How can one prove that $ \text{cl}(\text{int}(A)) = \text{cl}(A)$, where $ A \subseteq \mathbb{R}$ is convex?
I know that if $A$ is convex, $\text{int(A)}$ and $\text{cl(A)}$ are convex too.
I need help in $ \text{cl}(A) \subseteq \text{cl}(\text{int}(A))$ part only.
I assume that the space is $\mathbb{R}^n$ with standard topology.

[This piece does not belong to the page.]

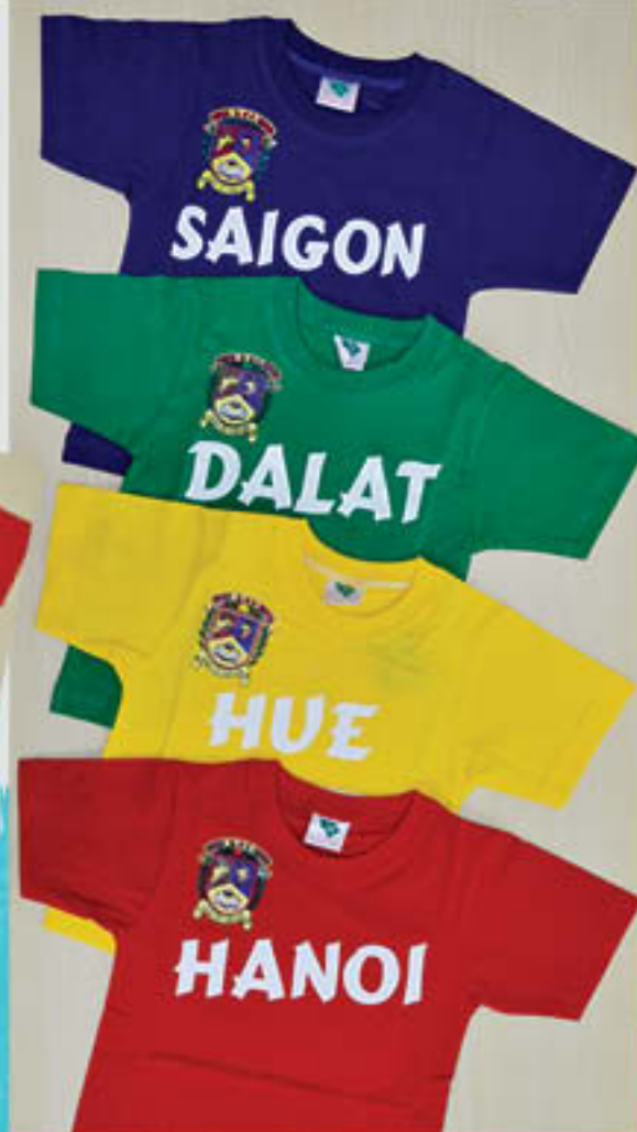
House T-shirt | Áo lớp

Your claim is false as it is, e.g. a single point is a convex set, but it's interior is empty, so $\mathrm{cl}(\{p\}) = \{p\} \neq \varnothing = \mathrm{cl}(\mathrm{int}(\{p\}))$. However, under the assumption that the interior is non-empty, that is $\mathrm{int}(A) \neq \varnothing$, your claim is true.
Let $x \in \mathrm{cl}(A)$ and let $y \in \mathrm{int}(A)$ be any point from the interior of $A$. We know that the interior $\mathrm{int}(A)$ is open, so there exists a ball $B(y,\delta) \subset \mathrm{int}(A)$. Moreover $A$ is convex, hence for all $z \in B(y,\delta)$ we have $[xz] \subset A$. This in turn implies that $(xy] \subset \mathrm{int}(A)$, and finally $x \in \mathrm{cl}(\mathrm{int}(A))$.
The above implies $\mathrm{cl}(A) \subset \mathrm{cl}(\mathrm{int}(A))$, of course $\mathrm{cl}(\bullet)$ is monotone with respecto to $\subset$, therefore $\mathrm{cl}(A) = \mathrm{cl}(\mathrm{int}(A))$.
Have fun ;-)